This image ( http://imgur.com/iwddA ) gives a fairly good idea of the layout of the house. The red patterns are rooms which we need internet in. The red lines are walls which are mostly wood and plaster. The thick black lines are the stone walls which hold up the house. The stone wall on the left is actually a chimney and is actually about twice the thickness of the left wall. And before you ask, that ADSL port in the bottom left is the only one in the house, there's nowhere else we can really put it.
The wall on the left seems to reduce the signal by almost 70% and the wall on the right by about 40%. Going up a floor reduces the signal strength by about 10-15 percent, and a wall between rooms is about the same. So daisy chaining is proving to be very difficult. If we place the wireless at the very center of the house, no one can get internet in their respective rooms and drilling holes to try and get ethernet cables into every room is a mess we don't want to get into.
A couple more details; most of us are Apple users, but we also have a couple of Windows users and I'm the only Linux user in the house. It would be really nice if all of us could setup and admin the hubs, but it's actually most important that the Apple guys can admin as most of them work from home.

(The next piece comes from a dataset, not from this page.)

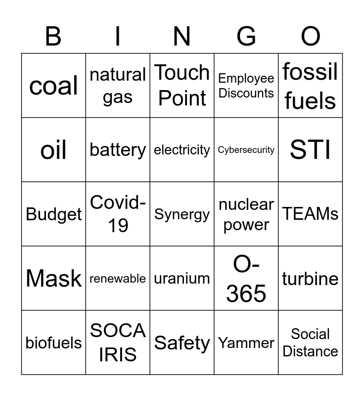 This bingo card has 25 words: renewable, Safety, electricity, biofuels, fossil fuels, coal, oil, natural gas, nuclear power, uranium, Cybersecurity, Budget, O-365, turbine, battery, Social Distance, TEAMs, Touch Point, STI, Covid-19, Synergy, SOCA IRIS, Mask, Employee Discounts and Yammer.

The Apple users all like being able to use Airport Utility to admin wirelessly rather than having to go in via a web browser, so if the wireless hubs are Airport Utility compatible that'd be a wonderful bonus.
Finally, we all got used to having a system whereby each hub acts as an extender rather than being its own network so that we didn't have to change hubs when we changed rooms. I'm not overly bothered about that feature, however our Windows users aren't the brightest sparks and seem to have problems quite grasping the concept of needing to switch over to a different hub when they move around (no offence to Windows users, but these guys just aren't computer savvy at all) and the Apple guys aren't too happy about all the switching and swapping either.
So, Slashdot. What's the best solution using the fewest number of wireless hubs and without tangling the house in wires and sawdust?"